Advances in AI-enabled language translation hold special promise for the developing world
The Association for Computing Machinery presents the ACM A.M. Turing Award annually. Often referred to as the “Nobel Prize of Computing,” the A.M. Turing Award is accompanied by a USD1 million prize funded by Google.
This past year, Geoffrey Hinton, Yoshua Bengio and Yann LeCun received the award for their contributions to machine learning using deep neural networks.
Deep learning is one of the most transformative technologies of artificial intelligence (AI) research, and has resulted in major breakthroughs in areas including computer vision, speech recognition, language processing, and robotics.
One of the most interesting advances made possible through deep learning technologies is machine translation, or the ability of computers to translate between languages. Using a new process called neural machine translation, AI language algorithms have resulted in far more precise language translations than were previously thought possible. Unlike earlier approaches to AI translation (such as statistical machine translation, which translated sentence fragments), neural machine translation translates entire sentences.
These very recent advances in machine translation and speech recognition, combined with the proliferation of smartphones around the world, means that people can bridge language gaps simply by carrying their phones with them and using one of the many new language translation apps that are available.
The potential of these new capabilities is far greater than helping a tourist find their way to a museum or restaurant during a holiday.
In the developing world, language barriers can significantly impede education, healthcare, and economic development—and even contribute to inter-communal violence. The challenge of overcoming language barriers comes into fuller view when you realize that there are some 2,000 languages spoken in Africa alone.
Great strides have already been made in deploying these new AI technologies in Africa.
For example, in a 2006 study, researcher Michael Levin found that in a large pediatric hospital in Cape Town, South Africa, only 6% of medical interviews with the parents of patients were conducted in their first language. In the study, parents cited language and cultural barriers as the major impediments to their effective participation in the healthcare rendered to their children.
Another study focusing on South Africa underscored how accessing online education could enhance people’s lives—if only language wasn’t a barrier. Authors Jade Abbott and Laura Martinus pointed out that, while the Internet comprises 53.5 % of English content, the remaining 10 official languages of South Africa comprise just 0.1% of online content. And, in the most urgent example, the nonprofit organization Translators without Borders notes that “basic phrases can save lives in a humanitarian emergency, yet often communication fails because humanitarian aid workers and the people affected do not speak the same language.”
A new goal for the AI community is finding ways to develop neural machine translation for these low-resource languages.
Great strides have already been made in deploying these new AI technologies in Africa. Google Neural Machine Translation, which offers translation between English and 103 languages around the world, now supports translation for 13 African languages, including Igbo, Swahili, and Zulu—three of the most popular on the continent. It is hard to quantify the benefits these new translation capabilities have already fostered.
At the same time, significant challenges remain. For current neural machine translation approaches to work well, the machine translation program must first have access to a considerable volume of text in each of the languages (or the language pair) from which the translation will take place. This may not be a problem when translating between English and Chinese, where countless volumes have already been translated, but it is a problem translating, for example, English and Sepedi, one of the other official languages of South Africa.

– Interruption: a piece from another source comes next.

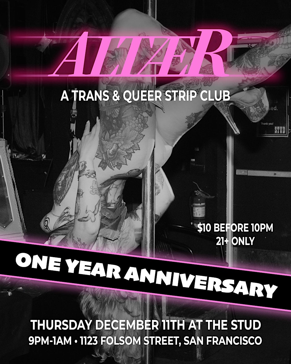 $$$$$$$$$$$$$$$$$$$ Altær STUD 12/11/25 🌹Your Favorite Place To Worship Every 2nd Thursday night in SOMA |🕯️ 9PM Come celebrate one year of Trans and Queer babes twirling under the red light!! Altær —an intimate monthly trans and queer $tr!pclub experience in the heart of San Francisco's Leather District. Join us for a night you will never forget. 📍 Stud — 1123 Folsom St, San Francisco | Live dancers start at 9:30PM | Walk-ins welcome Whether you’re a first time voyer or a lapdance daemon, Altær is your new monthly ritual. ✨ What to Expect: 💸 Bring cash, lots of it 🕯️ 13 dancers, 2 poles 💎 Live entertainment in a historic queer venue🍸 pole & h*le(y) worship 💰 private dances 💵 dolls x femme x trans supremacy 💄 Perfect for date nights or spontaneous solo escapes. Treat yourself to some t!tt!3$! As always-- No photo. No video. No creeps. Perverts who tip well highly welcomed. Mark your calendars and spoil us every month!

Languages that do not have considerable volumes of text available for translation are often referred to as “low-resource” languages. These languages can be “low-resource” for a variety of reasons including that the language is primarily oral in nature rather than written; there is a lack of standardized spelling; or because there are too many variations across different dialects.
So a new goal for the AI community is finding ways to develop neural machine translation for these low-resource languages. Promising approaches are being explored, and the academic community and leading tech companies are actively involved in the effort. For example, just last month, Facebook announced research grants for computer scientists who can develop robust translation algorithms for low-resource languages.
Because of the leapfrog advances that we have seen in this area of AI in just the last 15 years, the worldwide computing community is excited to see what innovations are on the horizon and how these technologies might continue to improve the human condition.